• [REQUIREMENT] Exact reproduction is required for the lines below starting at the line with "JS2000混凝土攪拌機每次" and ending at the line with "为开展好此次支教活动,安徽师", both included. No other lines, and no pictures.

• [EXERCISE MATERIALS]
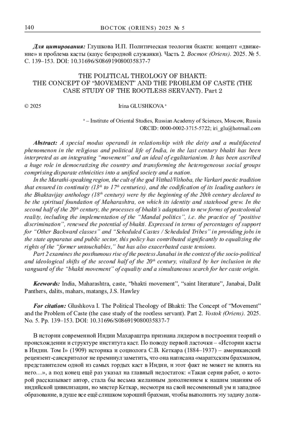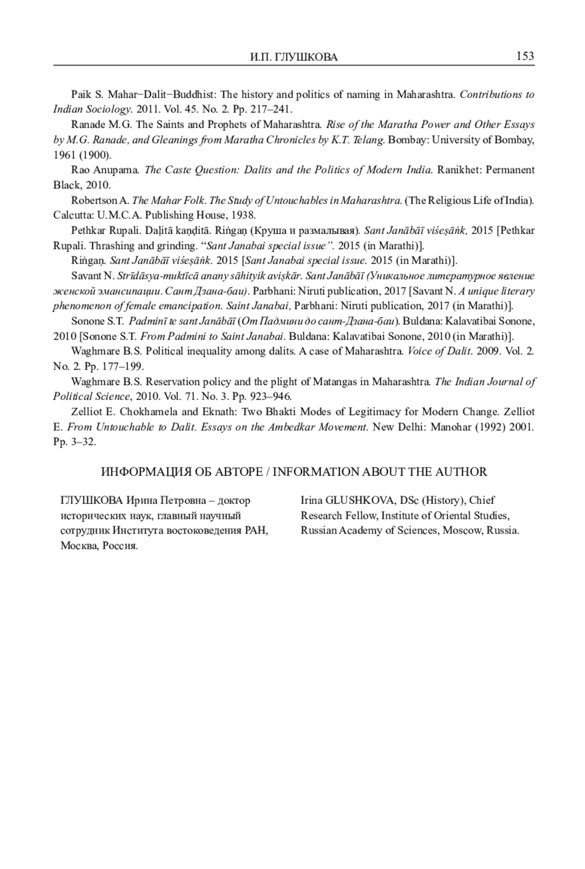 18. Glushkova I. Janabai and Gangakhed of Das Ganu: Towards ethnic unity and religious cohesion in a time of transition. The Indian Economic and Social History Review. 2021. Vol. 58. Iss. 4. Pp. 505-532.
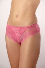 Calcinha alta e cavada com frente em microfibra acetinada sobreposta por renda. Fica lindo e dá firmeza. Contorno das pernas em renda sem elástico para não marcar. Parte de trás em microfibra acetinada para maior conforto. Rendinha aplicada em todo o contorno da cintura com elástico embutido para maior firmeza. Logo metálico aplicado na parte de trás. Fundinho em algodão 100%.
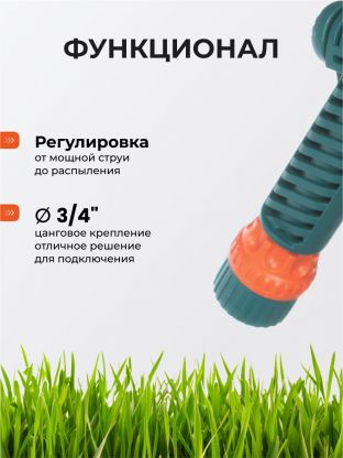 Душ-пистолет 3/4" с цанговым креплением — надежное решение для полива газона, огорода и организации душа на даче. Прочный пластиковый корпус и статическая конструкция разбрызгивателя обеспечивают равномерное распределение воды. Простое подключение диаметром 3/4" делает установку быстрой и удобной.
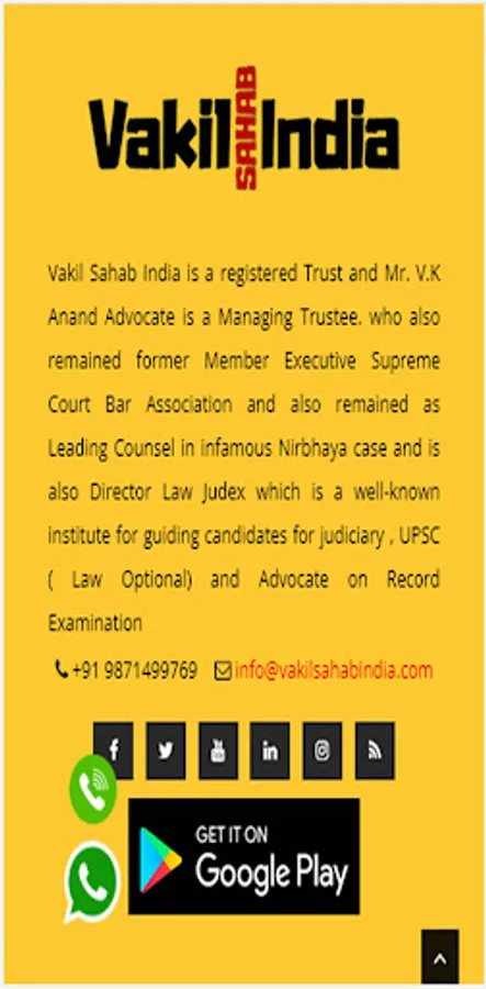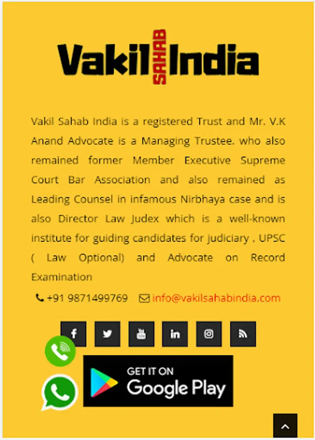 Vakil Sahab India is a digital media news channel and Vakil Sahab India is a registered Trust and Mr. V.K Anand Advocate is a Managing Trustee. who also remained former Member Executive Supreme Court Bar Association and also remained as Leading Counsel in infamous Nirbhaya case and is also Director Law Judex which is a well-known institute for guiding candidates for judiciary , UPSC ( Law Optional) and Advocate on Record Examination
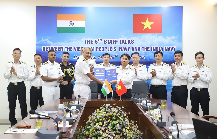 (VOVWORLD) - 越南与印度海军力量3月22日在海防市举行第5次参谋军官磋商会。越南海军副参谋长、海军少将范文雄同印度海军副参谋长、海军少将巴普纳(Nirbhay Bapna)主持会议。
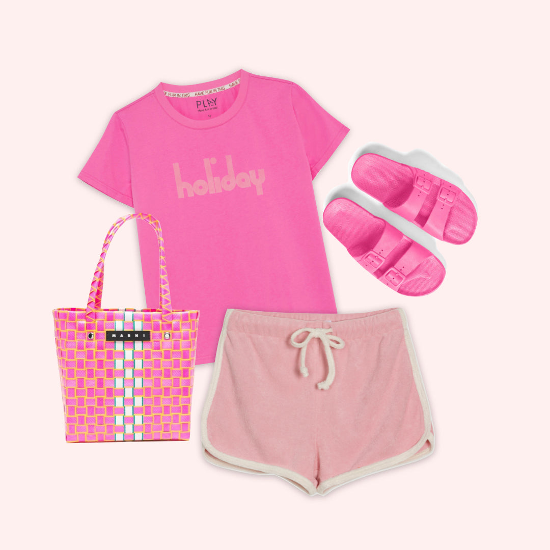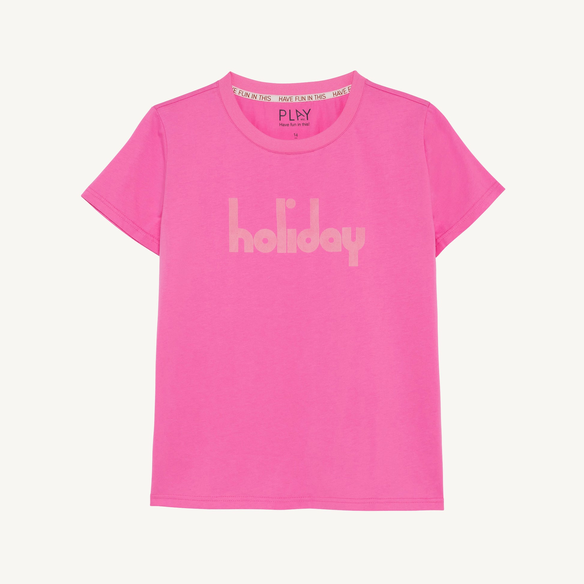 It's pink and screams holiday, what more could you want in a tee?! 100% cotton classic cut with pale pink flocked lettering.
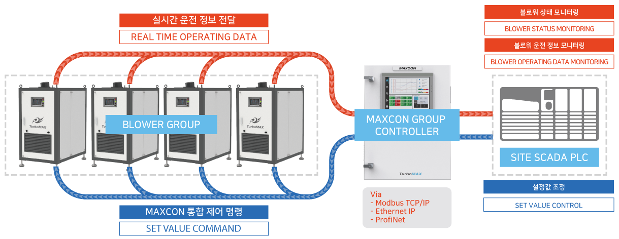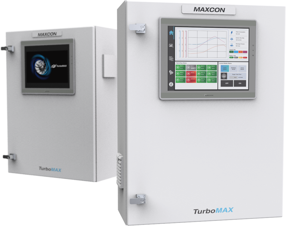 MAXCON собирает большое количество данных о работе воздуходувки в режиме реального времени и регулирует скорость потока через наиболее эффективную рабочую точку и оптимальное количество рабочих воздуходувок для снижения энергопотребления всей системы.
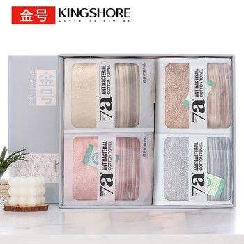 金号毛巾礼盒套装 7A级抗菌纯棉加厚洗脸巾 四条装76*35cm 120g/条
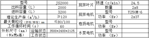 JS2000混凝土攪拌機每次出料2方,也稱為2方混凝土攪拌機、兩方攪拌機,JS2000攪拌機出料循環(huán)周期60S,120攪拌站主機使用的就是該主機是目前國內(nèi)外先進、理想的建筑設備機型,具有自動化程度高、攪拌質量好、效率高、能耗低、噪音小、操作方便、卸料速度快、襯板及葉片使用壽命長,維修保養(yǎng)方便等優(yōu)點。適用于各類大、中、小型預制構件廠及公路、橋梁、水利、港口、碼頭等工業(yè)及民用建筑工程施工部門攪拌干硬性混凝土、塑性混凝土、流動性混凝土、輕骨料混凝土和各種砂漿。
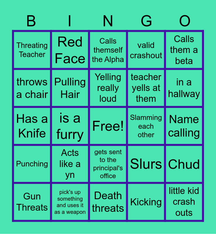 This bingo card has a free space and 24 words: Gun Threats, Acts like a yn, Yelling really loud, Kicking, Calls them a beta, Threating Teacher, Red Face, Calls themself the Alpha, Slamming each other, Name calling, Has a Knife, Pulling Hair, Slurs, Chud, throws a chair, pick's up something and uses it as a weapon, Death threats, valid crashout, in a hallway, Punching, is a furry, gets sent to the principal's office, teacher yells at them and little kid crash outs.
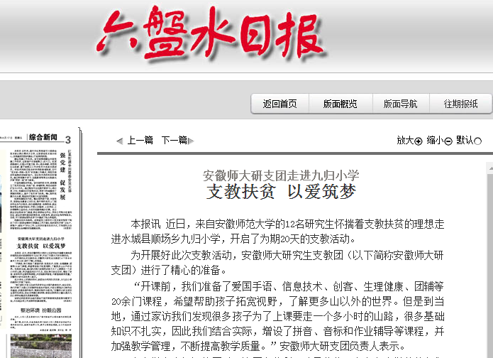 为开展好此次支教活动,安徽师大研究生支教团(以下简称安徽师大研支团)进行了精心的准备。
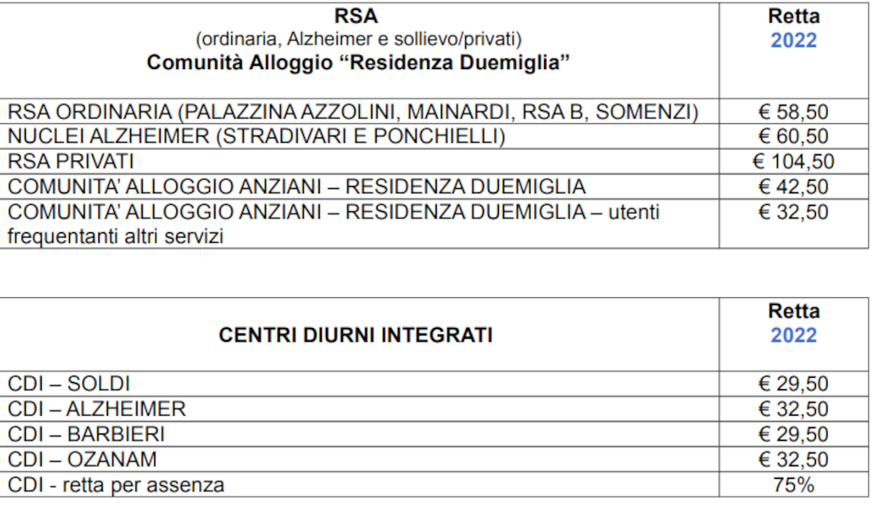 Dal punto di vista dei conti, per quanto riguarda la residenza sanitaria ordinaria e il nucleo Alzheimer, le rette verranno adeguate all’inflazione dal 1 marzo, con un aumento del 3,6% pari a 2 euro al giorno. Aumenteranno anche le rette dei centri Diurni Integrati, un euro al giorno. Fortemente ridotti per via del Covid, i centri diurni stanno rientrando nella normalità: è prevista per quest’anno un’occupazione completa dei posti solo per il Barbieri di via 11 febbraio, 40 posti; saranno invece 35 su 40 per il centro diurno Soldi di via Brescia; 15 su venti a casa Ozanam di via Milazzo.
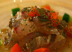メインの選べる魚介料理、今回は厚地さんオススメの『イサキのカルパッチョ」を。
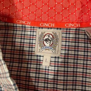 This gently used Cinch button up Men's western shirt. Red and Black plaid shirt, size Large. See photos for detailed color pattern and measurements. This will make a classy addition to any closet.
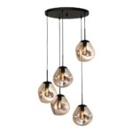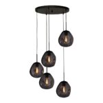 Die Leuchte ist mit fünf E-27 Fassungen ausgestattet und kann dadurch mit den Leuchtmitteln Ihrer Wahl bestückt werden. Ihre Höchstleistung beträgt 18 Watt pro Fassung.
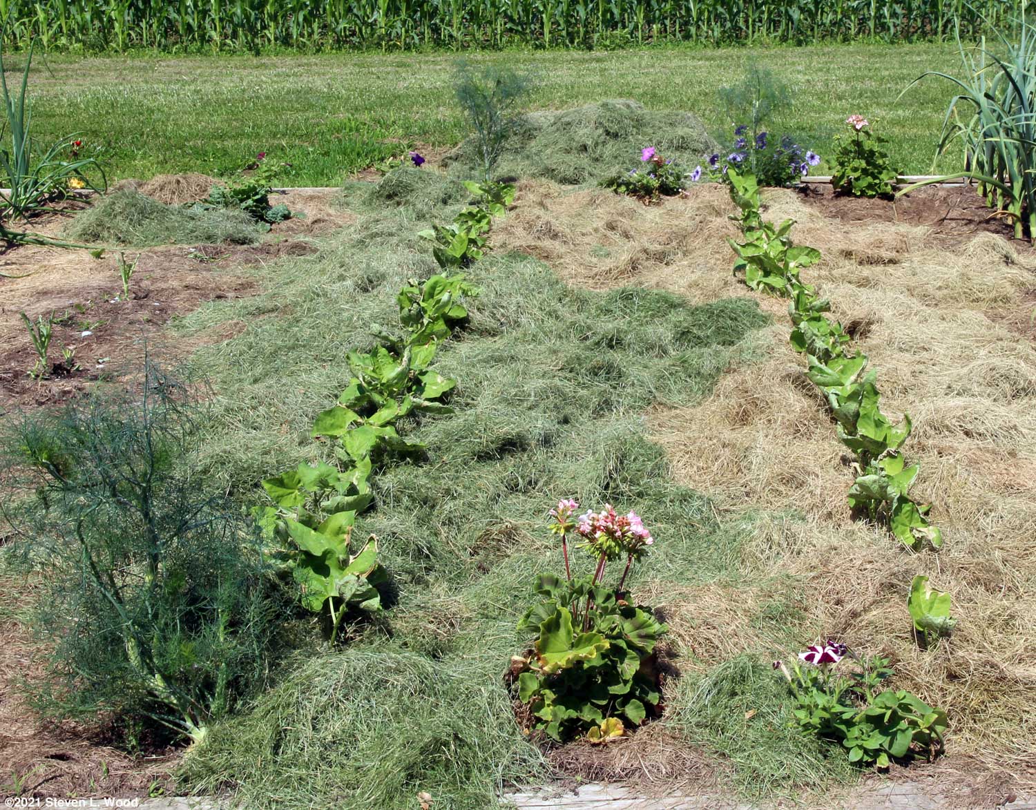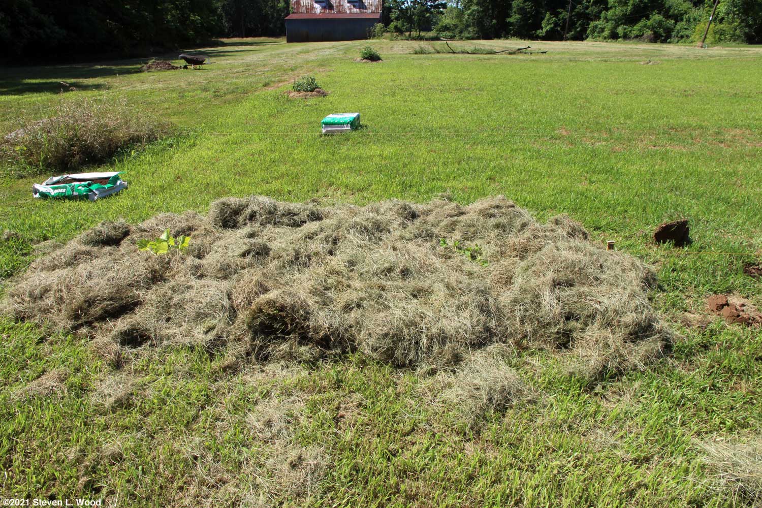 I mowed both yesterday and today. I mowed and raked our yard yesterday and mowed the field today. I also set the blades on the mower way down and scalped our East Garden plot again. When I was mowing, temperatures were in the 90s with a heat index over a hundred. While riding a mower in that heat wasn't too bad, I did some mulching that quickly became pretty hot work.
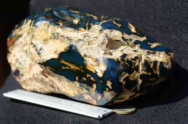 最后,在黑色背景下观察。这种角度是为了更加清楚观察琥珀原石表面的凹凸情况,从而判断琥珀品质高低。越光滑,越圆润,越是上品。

• [TASK OUTPUT]
 JS2000混凝土攪拌機每次出料2方,也稱為2方混凝土攪拌機、兩方攪拌機,JS2000攪拌機出料循環(huán)周期60S,120攪拌站主機使用的就是該主機是目前國內(nèi)外先進、理想的建筑設備機型,具有自動化程度高、攪拌質量好、效率高、能耗低、噪音小、操作方便、卸料速度快、襯板及葉片使用壽命長,維修保養(yǎng)方便等優(yōu)點。適用于各類大、中、小型預制構件廠及公路、橋梁、水利、港口、碼頭等工業(yè)及民用建筑工程施工部門攪拌干硬性混凝土、塑性混凝土、流動性混凝土、輕骨料混凝土和各種砂漿。
 This bingo card has a free space and 24 words: Gun Threats, Acts like a yn, Yelling really loud, Kicking, Calls them a beta, Threating Teacher, Red Face, Calls themself the Alpha, Slamming each other, Name calling, Has a Knife, Pulling Hair, Slurs, Chud, throws a chair, pick's up something and uses it as a weapon, Death threats, valid crashout, in a hallway, Punching, is a furry, gets sent to the principal's office, teacher yells at them and little kid crash outs.
 为开展好此次支教活动,安徽师大研究生支教团(以下简称安徽师大研支团)进行了精心的准备。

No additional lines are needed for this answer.